From what i learned while researching mine that is the first generation.85 to mid 87. Ive seen 87s made in bothe styles. The pink 87 i had was a second gen style. Main difference being the second bend added to the down tube by the bottom bracket and the top tube lost the traditional gt capped top tube to a different design.both killer bikes.


----------



## Crackerjack1960 (May 5, 2020)

Yeah I remember the small holes on the fork and frame. Not really sure if there was one bend or two. What’s the rarest one??


----------



## birdzgarage (May 5, 2020)

Im not sure which one is rarer,but i think the first gen are more desirable.i dont know the production numbers but the 1st models seem to get more money.


----------



## Crackerjack1960 (May 5, 2020)

Pretty sure my first bike was tgere was I have pictures


----------



## Bikerider007 (May 5, 2020)

The double bend is a Pro Performer, it's one notch up, beyond that it gets complicated. There were some World Tour, Freestyle Tour Team type bikes. There were USA made, Japan and Taiwan made.

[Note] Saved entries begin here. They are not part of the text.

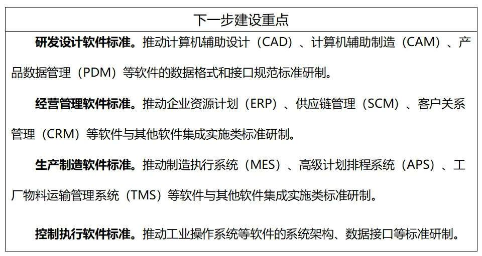 主要包括企業資源計劃(ERP)、供應鏈管理(SCM)、客戶關系管理(CRM)、人力資源管理(HRM)、質量管理系統(QMS)、資產績效管理系統(APM)、項目管理(PM)軟件等經營管理軟件應用指南和集成實施標準。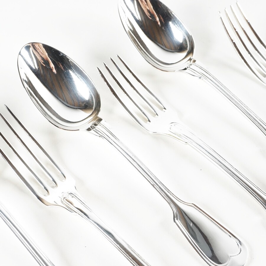 Suite de 6 couverts en métal argenté, modèle filets. On y joint 3 cuillères du même modèle.
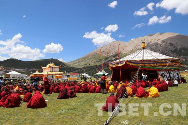 中午在贡萨寺进行简单的午休后,12点多班禅大师来到寺前的扎西滩草原,进行长寿经灌顶法会。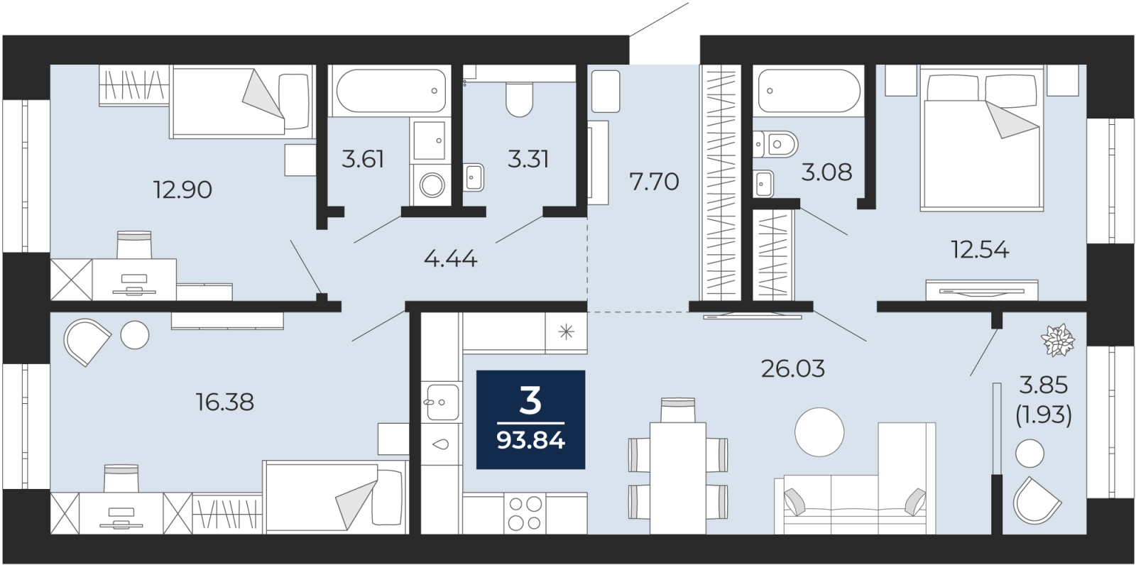 Продается 3-комн. квартира от застройщика с предчистовой отделкой в ЖК "Преображенский" на 3 этаже. Общая площадь: 91.92 кв.м., жилая: 41.82 кв.м., площадь просторной кухни-столовой: 26.03 кв.м. Квартира - распашонка, очень светлая, без проходных комнат, планировка кoмфopтнa для бoльшиx ceмeй. В квартире одна лоджия, один совмещенный и один раздельный санузел. Высота потолков 2.7 м. Дом монолитный, многоподъездный, переменной этажности, от 8 до 12 этажей. Квартира находится во 2-й секции высотой 8 этажей в корпусе ГП-83. На этаже 6 квартир. В подъезде 1 грузовой лифт. Начало строительства - 4 квартал 2023 года. Окончание строительства - 3 квартал 2026 года. Оформление сделки по договору долевого участия. Квартал будет расположен в микрорайоне Славянский на пересечении улиц Мира и 70-летия Октября. Престижный район, собственный парк, вся необходимая для жизни, учёбы и работы инфраструктура — новая школа с бассейном и кванториумом, новый детский сад, поликлиника, спорткомплекс, магазины и др. Чтобы в квартирах было как можно больше свободного пространства, мы предусмотрели индивидуальные кладовые на цокольном этаже. Оставляйте коляски и сезонный спортинвентарь после прогулок здесь — удобно для вас и чисто для квартиры. В подземный паркинг можно спуститься на лифте прямо с квартирной площадки. (AQID02484196)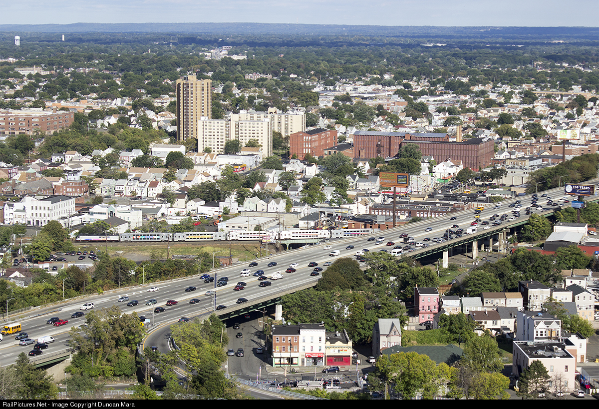 | NJT ALP45-DP #4507 pushes NJTR 1220 through Paterson towards Hoboken upon departing Paterson Station. Currently on the former Erie Newark Branch, its about to use the connection that will carry it onto the former DL&W Boonton Line for the rest of the trip east. |
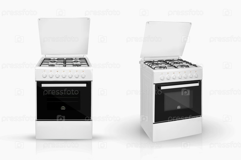 Современная бытовая кухонная печь в двух положениях обзора на белом фоне. кухонные приборы. Изолированный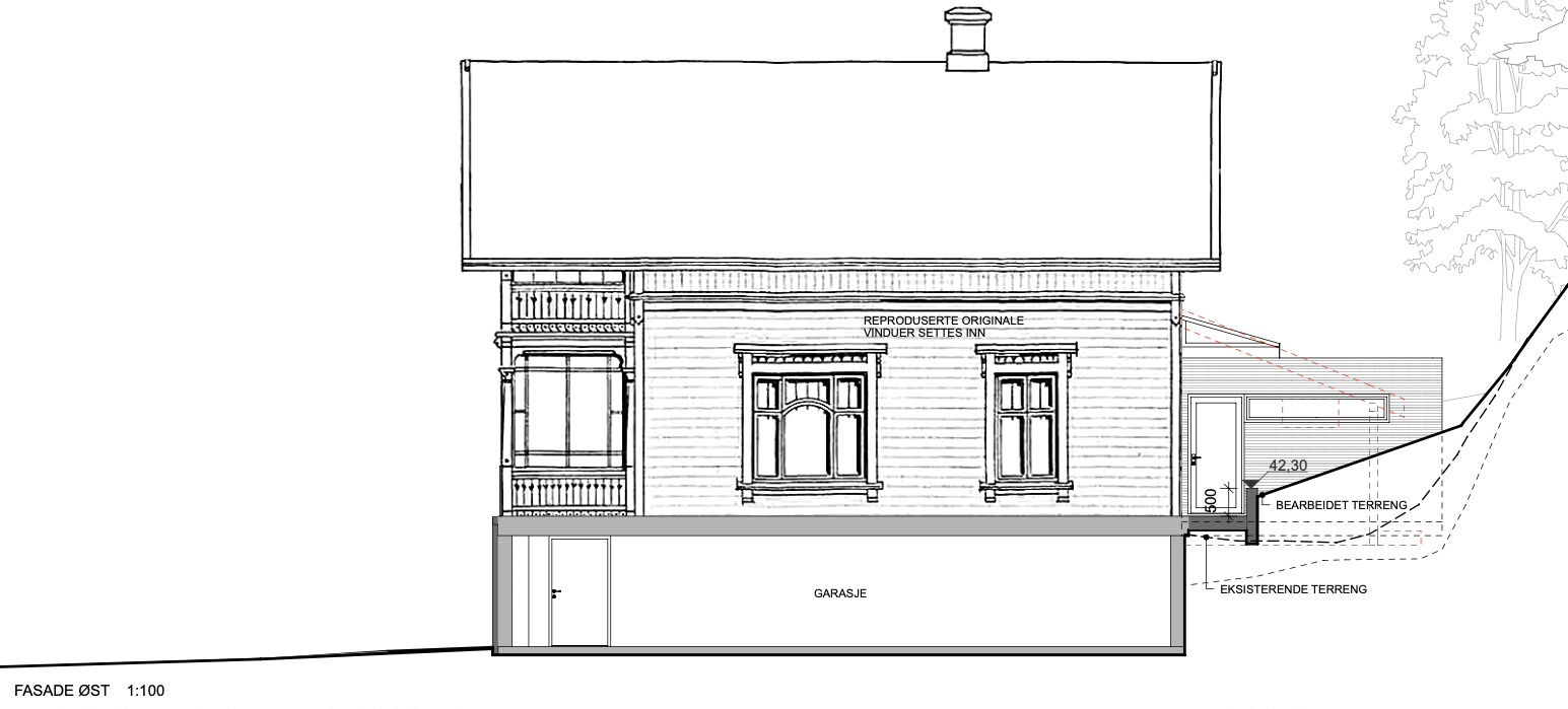 Det opprinnelige inngangspartiet var gjenbygget og endret på et senere tidspunkt. Derfor ble det valgt rive det meste av dette ombygde tilbygget, men beholde konstruksjonen i det opprinnelige inngangspartiet. De profilerte sveitserstilssøylene og dragerne inngår her som et fritt og synlig element i det nye tilbygget.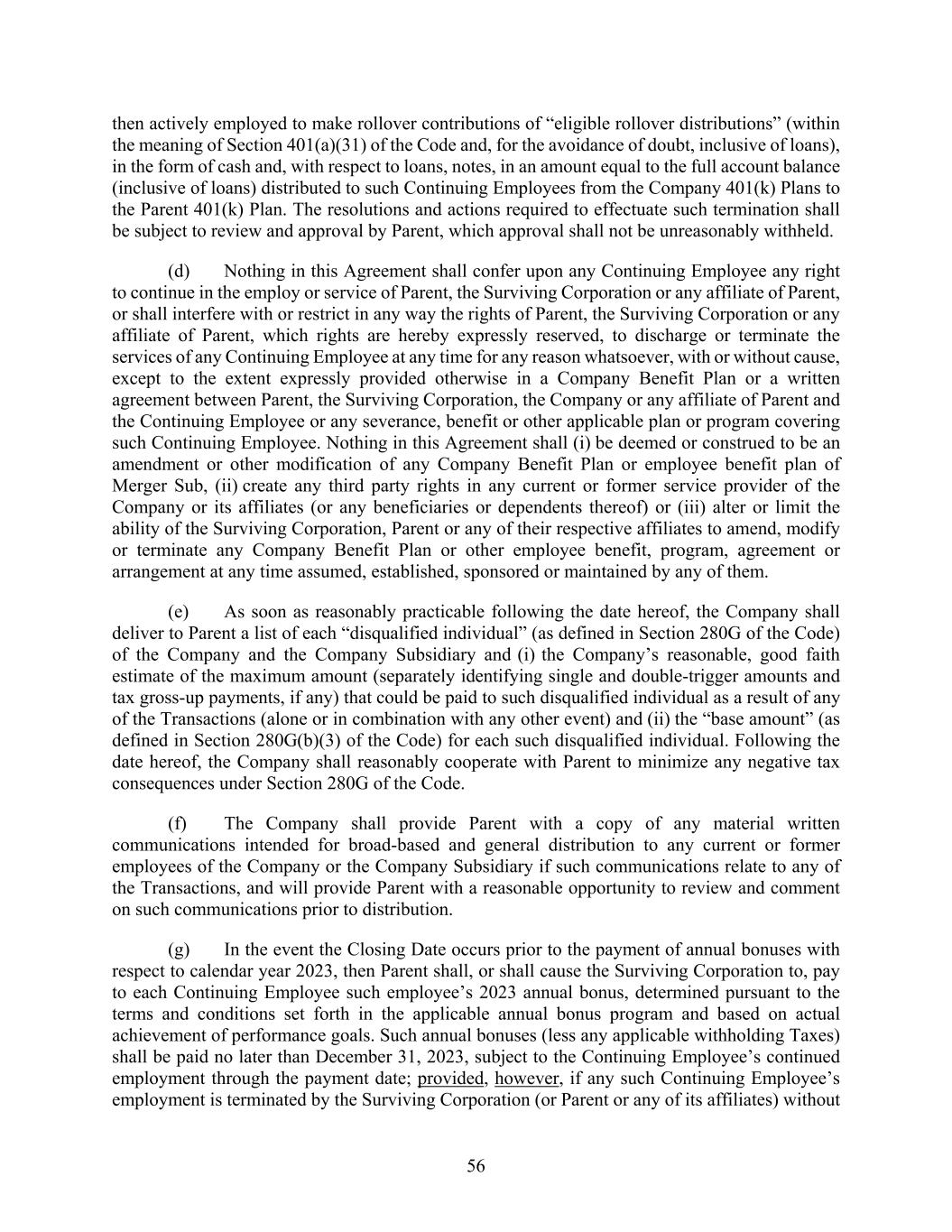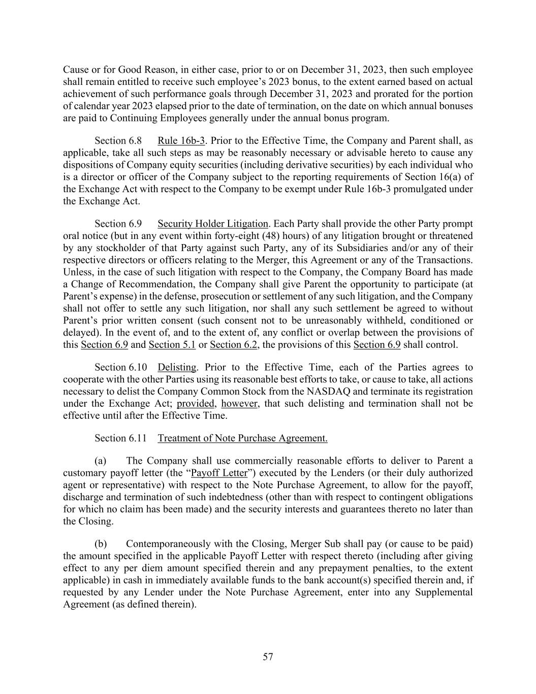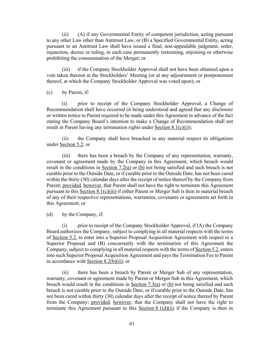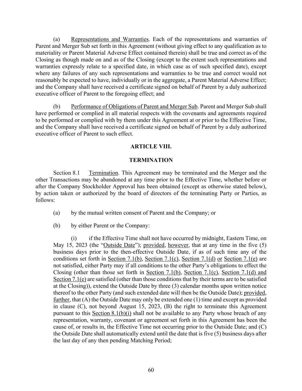 The Merger Agreement provides certain termination rights for both the Company and Parent, including, among others, the right of either party to terminate if (i) the Merger has not been consummated by May 15, 2023 (the “Outside Date”) (subject to a right of either party to extend such date to August 15, 2023 if the Company Stockholder Approval has been obtained and all other closing conditions other than those related to regulatory approvals are satisfied at any time in the five business days prior to the Outside Date) (unless a breach of the Merger Agreement by the party seeking termination was the primary cause of the failure of the Merger to be consummated); (ii) a governmental authority of competent jurisdiction, acting pursuant to any other law other than antitrust law, has issued a final non-appealable governmental order permanently restraining, enjoining or prohibiting the consummation of the Offer or the Merger; or (iii) the Company Stockholder Approval has not been obtained.

Holes in the dropout and Serial help determine where they were built. The early years are seen as 84-87'. Hardcore even cutoff at 86' or USA only made. 87' was about the pinnacle of Flatland and many variations from companies, but GT was the standard. I had a chrome 84 or 85 but let it go with many others unfortunately.





						- OFFICIAL: 1986 GT Performer Thread - - BMXmuseum.com Forums
					






					bmxmuseum.com


----------



## Crackerjack1960 (May 5, 2020)

Anyone have one?


----------



## Crackerjack1960 (May 6, 2020)

Found one check out my post


----------